We can see that working in the Console is not going to be practical most of the time. So what should we do? The answer is: put our sequence of R expressions into a text file, called a script. Calling it a script makes it sound a bit fancy and clever—“I spent all day debugging my script”. It is not. It is a boring text file that could be opened up in something like Notepad.exe. We just call it a script to signify the fact that the text contained in the file is a series of instructions telling our computer to do something.
Working directly at the Console is the simplest way to use R, but we do not recommend working this way unless you only need to do something very simple that involves a handful of steps. For more complicated activities you should always store your instructions in a script.
2.2 Writing scripts in RStudio
To open a new script in RStudio navigate to File > New File > R Script
. This will open the new file in a fourth pane. This pane is the Source Code Editor we mentioned in the Get up and running with R and RStudio chapter.
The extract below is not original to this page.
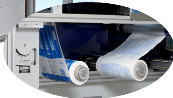
Unwind and rewind 76mm core

The name of the tab where this new file lives will be set to Untitled1 if we haven’t opened any other new R Scripts. Here is what RStudio looks like after we do this (we’ve highlighted the new pane with a red asterisk):
When we work with a script we type the required sequence of R expressions into the Editor pane, not directly into the Console. This is important—if we mix and match mistakes happen. The worst of these is that we write a script that seems to work, only to find it is broken when we open it up and use it again later. This usually happens because we typed something into the Console that is needed to make the whole script run when we were preparing it, but then forget to put it into the script. Just don’t switch between using the Console and the Editor to avoid this.
The easiest way to appreciate the benefits of using a script is to work with one. Here are a few lines of R code to copy-paste into the new Editor pane…
a <- 1
b <- 6
c <- 5
sqrt.b2ac <- (b^2 -4 * a * c)^(1/2)
(-b + sqrt.b2ac) / (2 * a)
(-b - sqrt.b2ac) / (2 * a)
…and here’s a partial screenshot of how the Editor pane might look (the details depend on how RStudio is set up):
Notice that parts of the R code is formatted by colour. This is called syntax highlighting. Syntax highlighting is a must have feature of any Editor. In a nutshell, syntax is a bit like the grammar of a computer language. It is the set of rules that determine how we form valid expressions, assign variables, and so on. The purpose of syntax highlighting is to draw attention to different components of syntax. We can see that when we use the Cobalt highlighting option, RStudio sets the background to black and displays variables in white, parentheses and arithmetic operators in orange, and numbers in red. It doesn’t matter so much what the colours are. What matters is that we have a visual means to distinguish these different kinds of elements, making it much easier to read a script.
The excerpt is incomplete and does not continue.